• _Problem requirements_
Without the images, repeat every line of the listing verbatim.

• _Input_
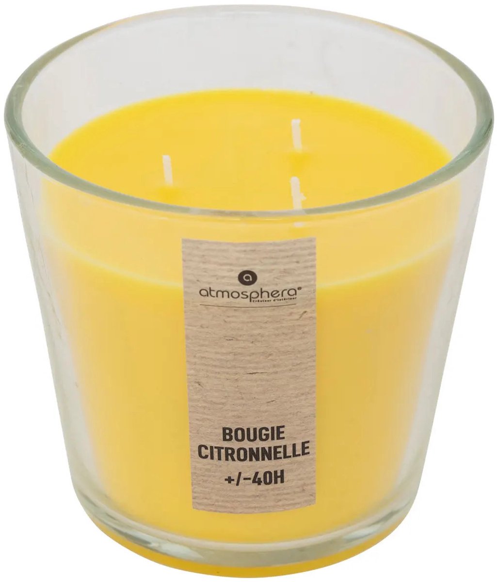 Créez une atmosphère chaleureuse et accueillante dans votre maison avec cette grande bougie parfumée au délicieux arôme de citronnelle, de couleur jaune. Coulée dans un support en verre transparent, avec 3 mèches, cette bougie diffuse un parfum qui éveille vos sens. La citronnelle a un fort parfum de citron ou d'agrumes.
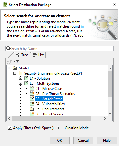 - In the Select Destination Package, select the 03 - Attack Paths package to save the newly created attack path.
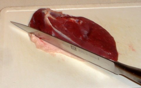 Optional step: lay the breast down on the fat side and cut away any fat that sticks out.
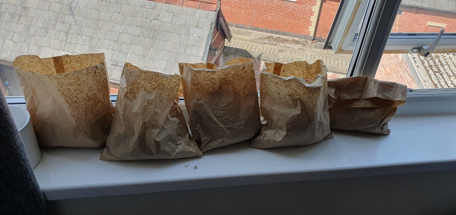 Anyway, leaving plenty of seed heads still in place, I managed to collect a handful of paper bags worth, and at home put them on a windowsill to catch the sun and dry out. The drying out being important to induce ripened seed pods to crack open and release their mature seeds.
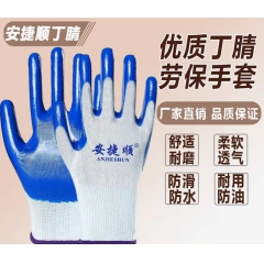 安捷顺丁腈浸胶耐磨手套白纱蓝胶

• _Reply_
 Créez une atmosphère chaleureuse et accueillante dans votre maison avec cette grande bougie parfumée au délicieux arôme de citronnelle, de couleur jaune. Coulée dans un support en verre transparent, avec 3 mèches, cette bougie diffuse un parfum qui éveille vos sens. La citronnelle a un fort parfum de citron ou d'agrumes.
 - In the Select Destination Package, select the 03 - Attack Paths package to save the newly created attack path.
 Optional step: lay the breast down on the fat side and cut away any fat that sticks out.
 Anyway, leaving plenty of seed heads still in place, I managed to collect a handful of paper bags worth, and at home put them on a windowsill to catch the sun and dry out. The drying out being important to induce ripened seed pods to crack open and release their mature seeds.
 安捷顺丁腈浸胶耐磨手套白纱蓝胶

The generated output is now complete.